One thing to remember...besides the registration you do at the initial micro chipping, some companies also require yearly renewal. So read your instructions.


----------



## ascott (Aug 28, 2011)

I, in my opinion strictly, would not do it.

I have a couple of reasons...but the one that would be for the sake of the tort would be because they do move around and who am I to know where it will end up and what damage it may do.....as well as I believe it is not my personal right to do this type of imprinting on another living thing.....again, totally my personal opinion.

But I know folks do these types of things.


----------



## Yvonne G (Aug 28, 2011)

If I'm understanding it correctly, its mandatory in the UK. You can't legally buy/sell tortoises there without the proper paperwork and micro chipping.


----------



## Jacqui (Aug 28, 2011)

Of course here in the USA, who would think to check for a mircochip on a found tortoise? I mean, honestly folks think about it, the first thing most folks do when they find a turtle or tortoise is to either keep it or set it free. Most never think or bother to look for it's owner like you would do with a dog, cat, or horse.  Check for a chip? I just don't see it happening.

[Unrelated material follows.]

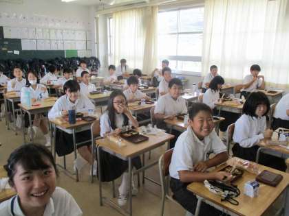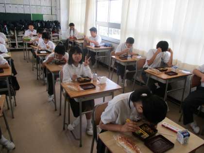1年生の食事風景です。感染症対策のため、自分の昼食は自分で取るようにしていますが、もうだいぶ慣れてきました。

Also I may be wrong, but in the past, wasn't there also the issue of different chips will only be picked up on certain machines?


----------



## lotsapets1234 (Aug 28, 2011)

Jacqui said:


> Of course here in the USA, who would think to check for a mircochip on a found tortoise? I mean, honestly folks think about it, the first thing most folks do when they find a turtle or tortoise is to either keep it or set it free. Most never think or bother to look for it's owner like you would do with a dog, cat, or horse.  Check for a chip? I just don't see it happening.
> 
> Also I may be wrong, but in the past, wasn't there also the issue of different chips will only be picked up on certain machines?



I can't speak for any other areas of the U.S., but in my area (south Orange County, California) all the shelters and vet's offices have microchip readers, and the two main brands in my area (Avid and Home Again) can be read by the same reader. My local shelter accepts turtles and tortoises, so I would hope that if mine ever got out, the finder would be honest enough to take it to the shelter. It is also proof of ownership, in case of a dispute if the tortoise were found by someone who wanted to keep it.


----------



## dbeilfuss (Aug 28, 2011)

We just brought home Sheldon last week from a rescue. I asked them about micro chipping him and they strongly suggested it. They too said the vet would place it in his leg. 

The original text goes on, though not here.